Громкий, встревоженный голос Ольфа неприятно ударил в уши, я чувствовал, как все мое лицо безудержно кривится в какой-то отвратительной гримасе, и взялся за него руками, сжал ладонями виски, ломившиеся от большой, во всю голову, тяжелой боли.
— А ну-ка давай в постель, — тихо сказал Ольф и, обняв меня за плечи, легко поднял из кресла и отвел на диван. Он принес из спальни подушку, укрыл меня одеялом и спросил: — Где у тебя снотворное?
Я молча показал ему на столик, он нашел таблетки и принес воды. Я выпил две таблетки и отвернулся к стене. Ольф спросил:
— Может, позвать Жанну?
«Почему Жанну?» — подумал я и сказал:
— Нет.
50
Через восемь лет после бабкиного предсказания о том, что хлебнет она горя с такой красотой, приснилась Жанне пустыня — белая, горячая, жутко проваливающаяся под ее слабыми ногами. Жанна шла по ней в какую-то невидимую бесконечность, по колено увязая в песке, и его жесткие струйки больно царапали влажную кожу, стекая при каждом ее шаге на землю, торопясь соединиться с ней. Куда и зачем шла она, Жанна не знала, но что-то подсказывало ей, что надо идти, нельзя остановиться даже на минуту, иначе песчаное море тут же поглотит ее. И вдруг заметила она, что идет совсем голая, и краска стыда опалила ее, и Жанна сразу остановилась, плотно сдвинула ноги и согнулась, закрывая руками грудь. И стала медленно проваливаться в вязкую горячую глубь земли. Она беспомощно огляделась и увидела, что никого нет кругом и не от кого скрывать свою наготу, — только огромное солнечное око равнодушно смотрело на нее с раскаленного белого неба. И она выпрямилась, торопливо выдернула из песка ноги и снова пошла все быстрее и быстрее. И снова стало ей страшно — уже очень долго шла она, а все никого не было впереди, и уже не думала она о своей наготе, лишь бы встретить кого-нибудь, быть вместе с людьми, они оденут, успокоят ее, избавят от страха и одиночества.
Чем кончился сон, она потом никак не могла вспомнить. Когда проснулась, матово белела за окнами ленинградская ночь, тонко звенела тишина пустой квартиры — родители уехали в отпуск, и первая радость пробуждения от кошмарного сна сменилась страхом, почти таким же сильным, как только что пережитый во сне. Страшили ее серые невесомые тени, плотно приросшие к мебели, непонятные тихие шорохи в трубах отопления, короткий вскрик гудка за стенами дома, пугала сумеречная, осязаемая плоть квартиры, ее тишина и пустота.

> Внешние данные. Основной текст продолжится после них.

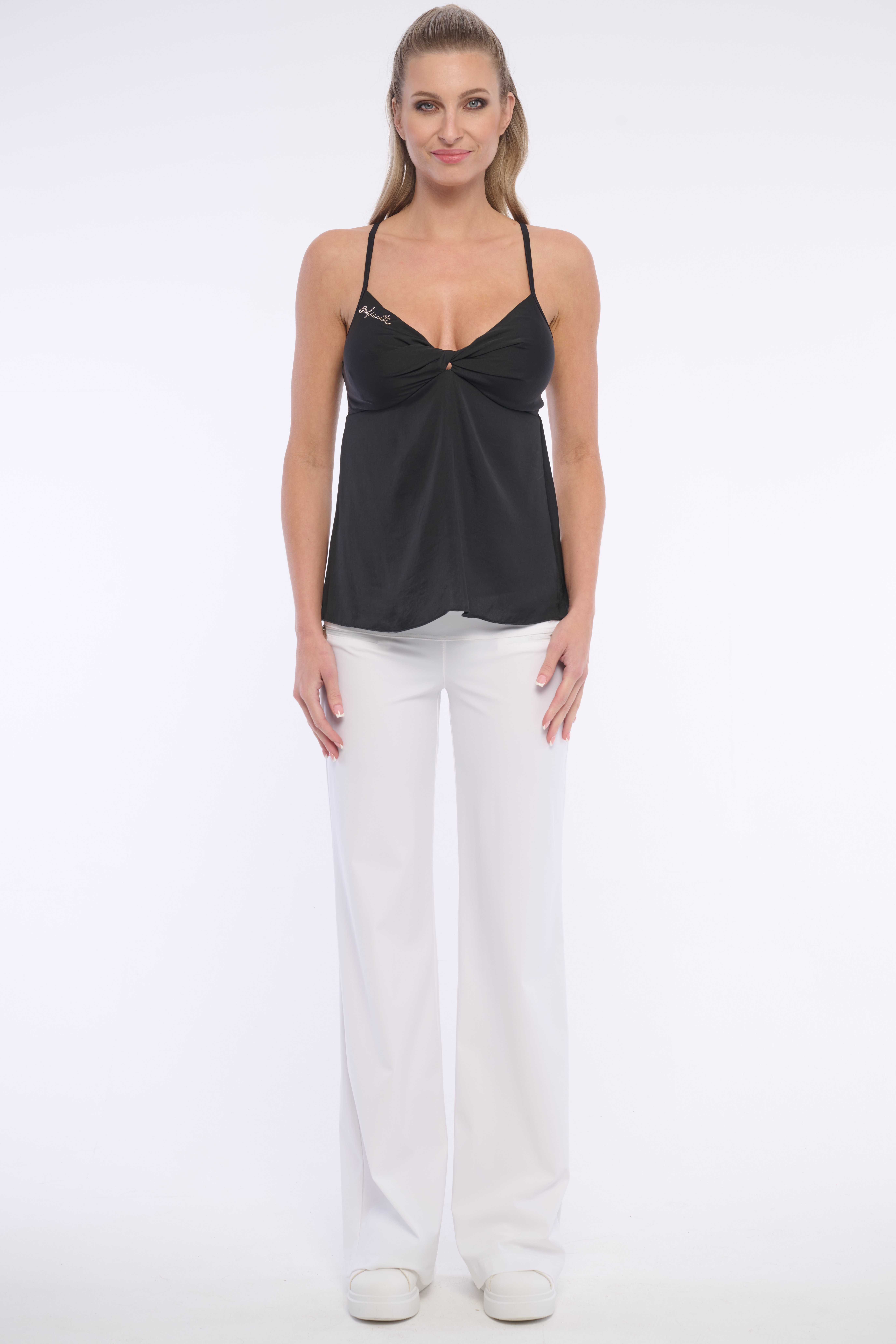 Splývavé kalhoty s vysokým pasem na každou příležitost doplněné zlatými zipy. Detail tvoří logo z luxusních krystalů Swarowski.

Путаясь в скомканных простынях, Жанна торопливо вскочила с постели, подбежала к выключателю и, радуясь его знакомому сухому стуку, облегченно зажмурилась от брызнувшего в глаза света. Потом села на постель, почти весело оглядела уютную комнату, беззлобно ругнула белую ночь — забыла задернуть штору, вот и приснилась всякая чертовщина… Но прошла спокойная минута, и прежняя тревога овладела ею. И оттого, что такого прежде не случалось с ней и, главное, совершенно неясны были причины внезапно возникшей тревоги, — это случившееся представлялось ей все более зловещим, имевшим какой-то темный, непонятный ей смысл. И, догадываясь о том, что самой ей не справиться с этой тревогой, надо идти куда-то, к какому-то близкому человеку, она оделась и по темной страшной лестнице выбежала на улицу, быстро пошла в пустоту ночного города. Шла она к человеку, которого, казалось ей, любила как никого в жизни, чьей женой готовилась стать.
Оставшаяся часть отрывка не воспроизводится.